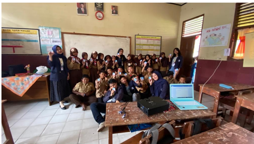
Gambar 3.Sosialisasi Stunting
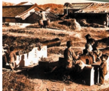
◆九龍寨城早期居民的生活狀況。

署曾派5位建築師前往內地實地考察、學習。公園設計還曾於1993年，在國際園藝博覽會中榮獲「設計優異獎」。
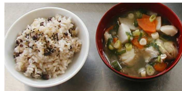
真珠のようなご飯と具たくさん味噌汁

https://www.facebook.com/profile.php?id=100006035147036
---
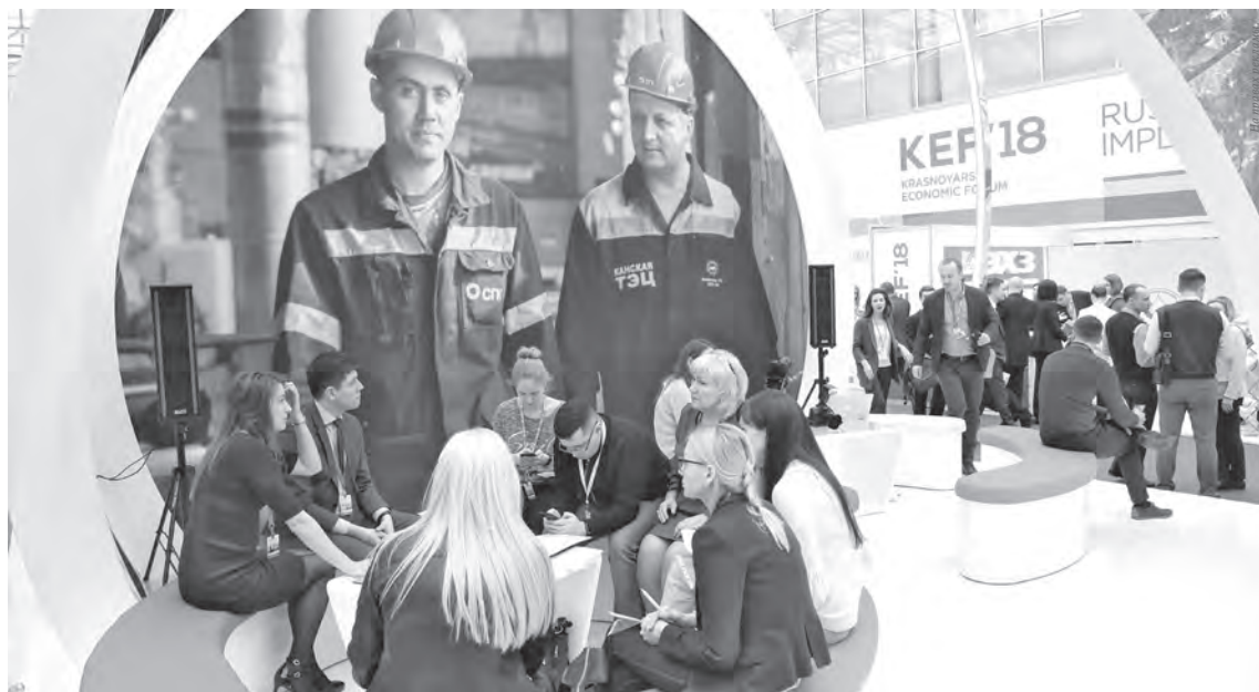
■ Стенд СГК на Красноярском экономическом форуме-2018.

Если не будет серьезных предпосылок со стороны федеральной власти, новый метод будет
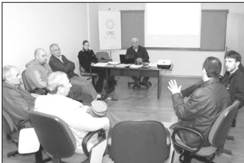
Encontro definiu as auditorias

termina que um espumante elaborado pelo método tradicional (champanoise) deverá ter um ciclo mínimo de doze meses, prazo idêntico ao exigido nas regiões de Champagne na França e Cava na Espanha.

> _WHAT NEEDS TO BE DONE_:
Retype only the lines above from the one with "Gambar 3.Sosialisasi Stunting" through the one with "https://www.facebook.com/profile.php?id=100006035147036", exactly and with both ends. Images stay out.

> _TASK RESPONSE_:
Gambar 3.Sosialisasi Stunting
◆九龍寨城早期居民的生活狀況。

署曾派5位建築師前往內地實地考察、學習。公園設計還曾於1993年，在國際園藝博覽會中榮獲「設計優異獎」。
真珠のようなご飯と具たくさん味噌汁

https://www.facebook.com/profile.php?id=100006035147036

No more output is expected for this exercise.